We hope and believe that the end of this war will see the snake of Slavery scotched, if not killed. Events move,—slowly, to be sure, but they move,—and the thought of the people moves with them unconsciously to fulfil the purposes of God. Government can do little, perhaps, in controlling them; but it has no right to the power it holds, if it has not the insight and the courage to make use of them at the right moment. If the supreme question should arise of submitting to rebellion or of crushing it in a common ruin with the wrong that engendered it, we believe neither the Government nor the people would falter. The time for answering that question may be nearer than we dream; but meanwhile we would not hasten what would at best be a terrible necessity, and justifiable only as such. We believe this war is to prepare the way for the extinction of Slavery by the action of economical causes, and we should prefer that solution to one of fire and blood. Already the system has received a death-blow in Maryland and Missouri. In Western Virginia it is practically extinct. If the war is carried on with vigor, it may become so before long in East Tennessee. Texas should be taken possession of and held at any cost, and a territory capable of supplying the world with cotton to any conceivable amount thrown open to free labor.
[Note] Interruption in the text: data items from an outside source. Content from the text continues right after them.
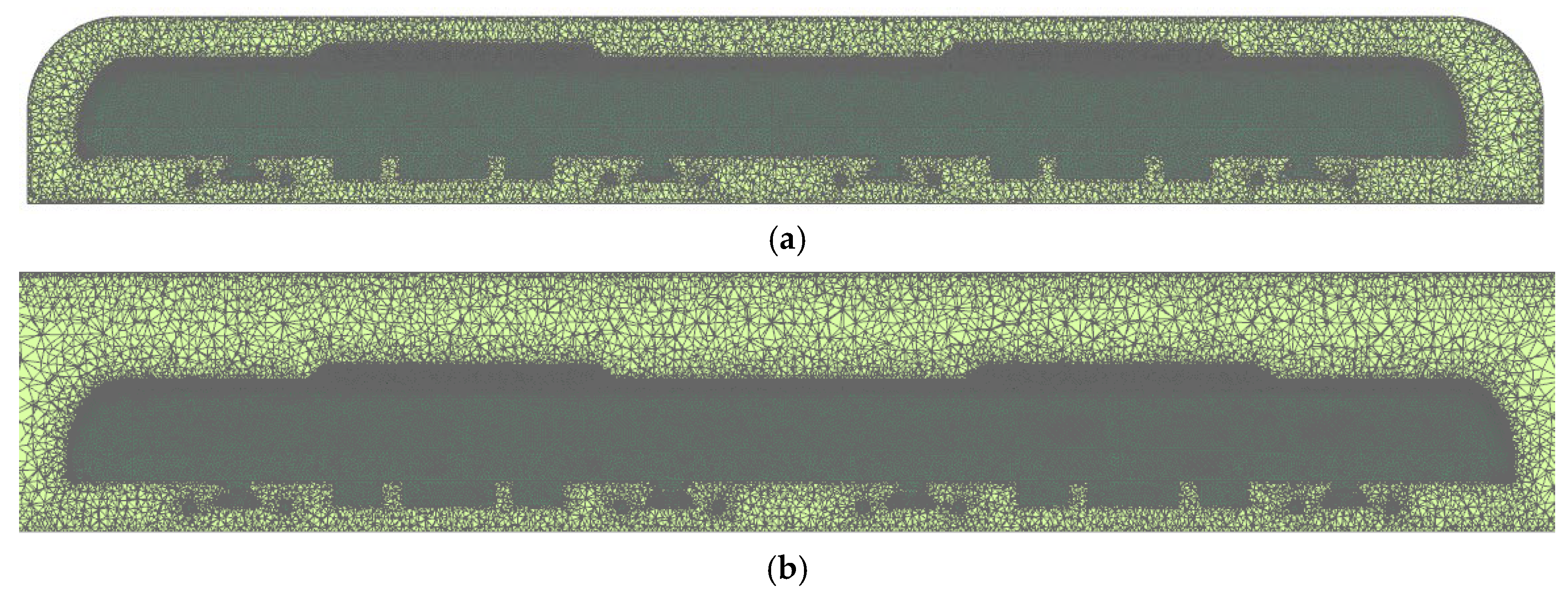- Yin, Z.; Zhang, J.; Zhang, C.; Chen, Y. The Influence of High-Speed Train Streamline Length on Aerodynamic Performance. In Proceedings of the Fifteenth National Nonlinear Vibration and the Twelfth National Conference on Nonlinear Dynamics and Motion Stability, Changsha, China, 8–10 May 2015. [Google Scholar]
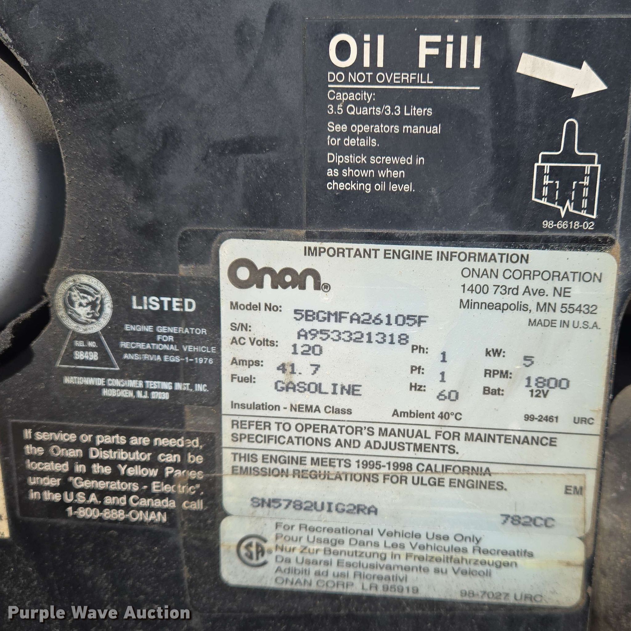 - Onan Marquis 5000 5BGMFA26105F
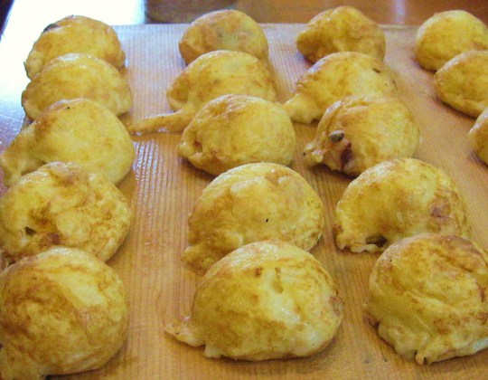 たっぷりの卵で溶いた生地に茹でたタコ
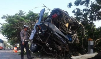 Demak – Kecelakaan maut terjadi di Pantura Desa Wonorejo Kecamatan Karanganyar, Kabupaten Demak, Selasa (10/7/2018). Sebuah bus jurusan Jakarta-Surabaya mengalami kecelakaan tunggal. Bus hilang kendali dan menghantam sebuah pohon.
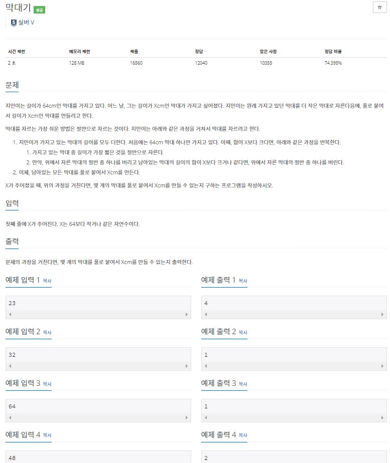 지민이는 길이가 64cm인 막대를 가지고 있다. 어느 날, 그는 길이가 Xcm인 막대가 가지고 싶어졌다. 지민이는 원래 가지고 있던 막대를 더 작은 막대로 자른다음에, 풀로 붙여서 길이가 Xcm인 막대
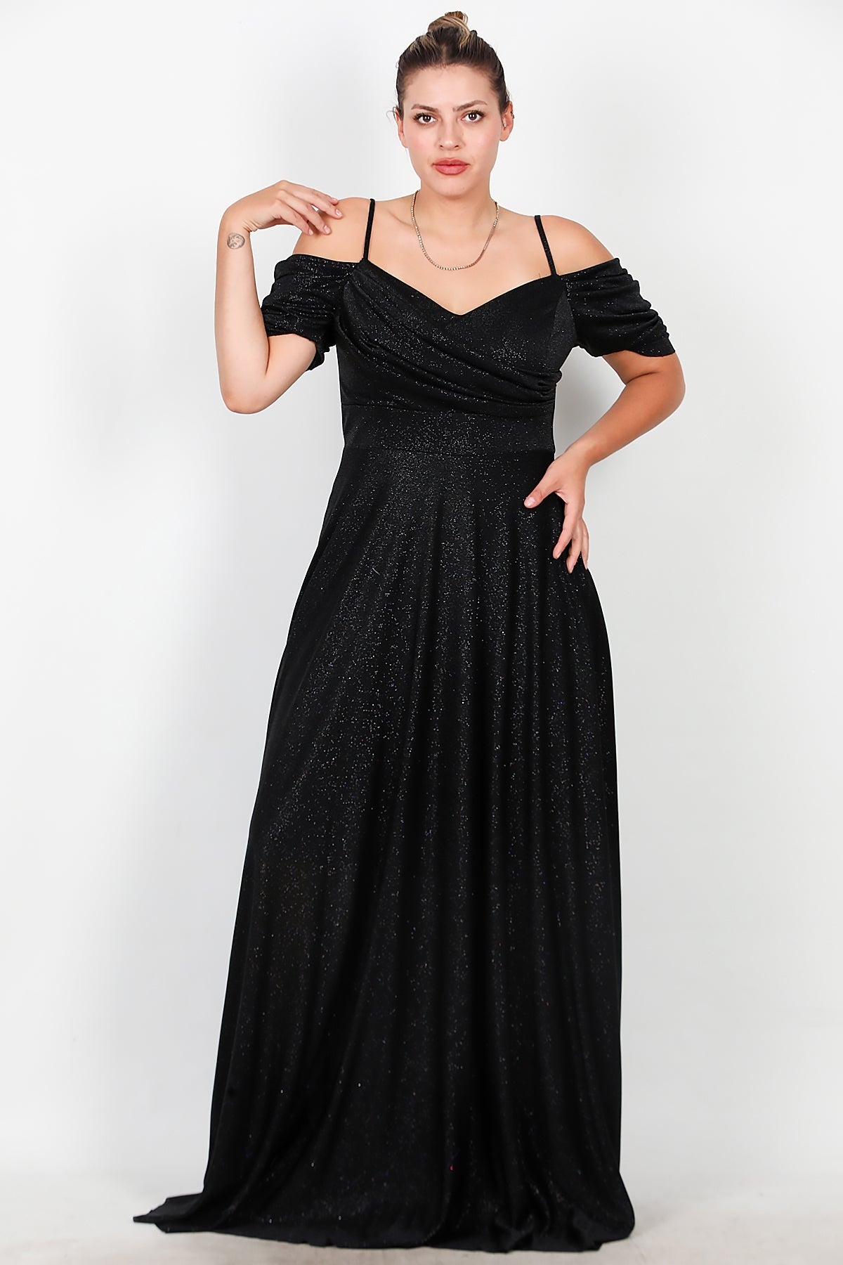 Glam Büyük Beden Payetli Dantel Kollu Siyah Bluz

However regarded, this war into which we have been driven is, in fact, a war against Slavery. But emancipation is not and could not be the object of the war. It will be time enough to consider the question as one of military necessity when our armies advance. To proclaim freedom from the banks of the Potomac to an unarmed, subject, and dispirited race, when the whole white population is in arms, would be as futile as impolitic. Till we can equip our own army, it is idle to talk of arming the slaves; and to incite them to insurrection without arms, and without the certainty of support at first and protection afterward, would be merely sacrificing them to no good end. It is true, the war may lack the ardent stimulus that would for a time be imparted to it by a direct and obvious moral purpose. But we doubt whether the impulse thus gained would hold out long against the immense practical obstacles with which it would be confronted and the chill of disappointment which is sure to follow an attempt to realize ideal good by material means. Nor would our gain in this respect more than compensate for the strength which would be added to the rebels by despair. It is a question we have hardly the heart to discuss, where our wishes, our hopes, almost our faith in God, are on one side, our understanding and experience on the other.